# Woodstock Keystone Install Today



## Hestia (Mar 15, 2008)

We have been waiting a while, and our stove (Woodstock Keystone) was finally installed today!  Just hope that the inspector can get to it next week.  We have been told NO BURNS at all until it is checked.  

But, we did build a hearth (me, mostly) and planned it, and removed the old fireplace doors, and went on two road trips to pick it out, then up, so now I want to share.  Wish the green tile was gray, but it was left over from another job, and does have a more grayish cast to the color than it shows up in these photos.   We love the fireplace stone - the room was almost black with dark paneling when we moved in, orange 70's shag, dark, dark, dark.  It is looking so much better now, and the stove is the final change.  Can't wait for it to be warmer!   Happy, happy, happy.

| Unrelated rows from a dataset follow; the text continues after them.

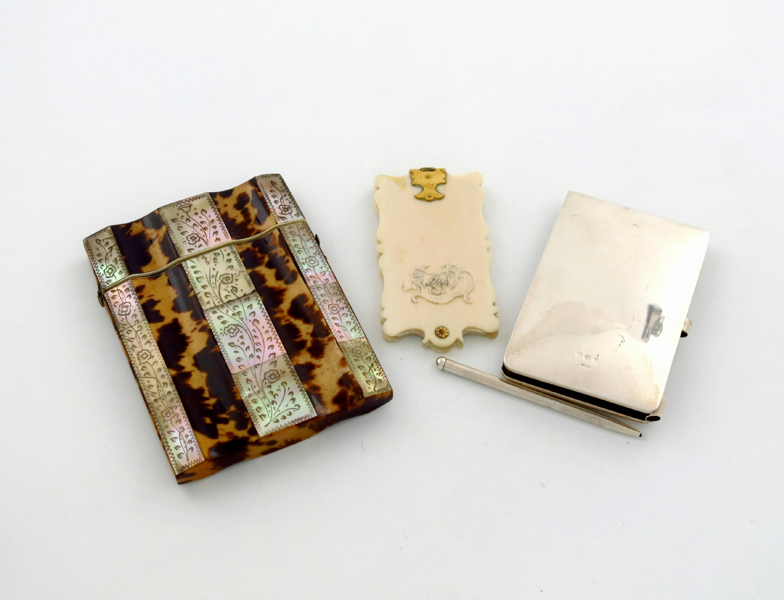 comprising: a silver notebook, by Crisford and Norris, Birmingham 1910, rectangular form, the pull-out pencil opens the case to reveal stamp holders, length 8.8cm, plus an ivory aide memoire, and a tortoiseshell and mother-of-pearl card case. (3)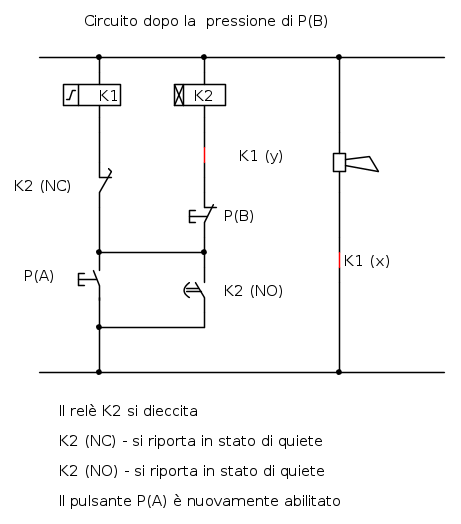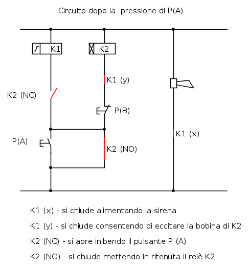 Il seguente schema illustra lo stato dei contatti successivamente alla pressione del pulsante P (A). In rosso sono evidenziati i contatti commutati.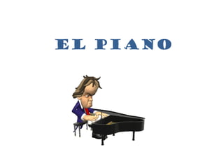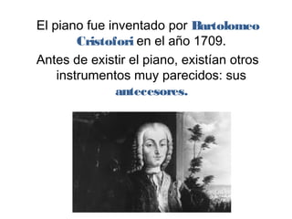 El documento describe la historia del piano, explicando que fue inventado por Bartolomeo Cristofori en 1709 y que tuvo varios antecesores como la cítara, el salterio y el clavicordio. Finalmente presenta al piano como un instrumento de cuerdas percutidas con teclas y pedales, con 88 teclas en total y que existe en dos variantes, el piano de cola y el piano vertical.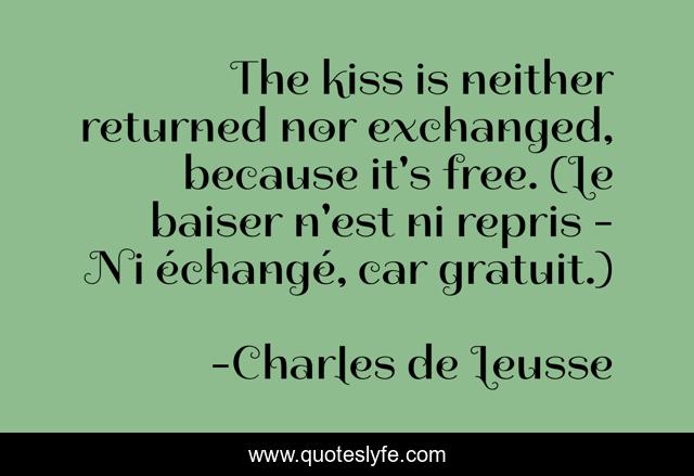 This page presents the quote "The kiss is neither returned nor exchanged, because it's free. (Le baiser n'est ni repris - Ni échangé, car gratuit.)". Author of this quote is Charles de Leusse. This quote is about exchanged, baiser, free, échangé, kiss, gratuit,.

Overall we are very happy, and can't wait for those break in fires.  Now we are in the process of learning how to cut the wood.  THANK YOU ALL for all the advice and help.

Hestia


----------



## Hestia (Mar 15, 2008)

Thought I had added two other pictures.  Here they are, I hope:


----------



## raybonz (Mar 15, 2008)

Hestia said:
			
		

> Thought I had added two other pictures.  Here they are, I hope:



Very nice stove! As the price of oil and gas soar you'll feel warm knowing you're not at their mercy..

Stay Warm 

Ray


----------



## WOODBUTCHER (Mar 17, 2008)

You will enjoy that heat next season 10x over !

WoodButcher


----------



## jpl1nh (Mar 25, 2008)

You are going to love that stove!  It's a beauty!  The hearth and stone look awesome!  Great install.


----------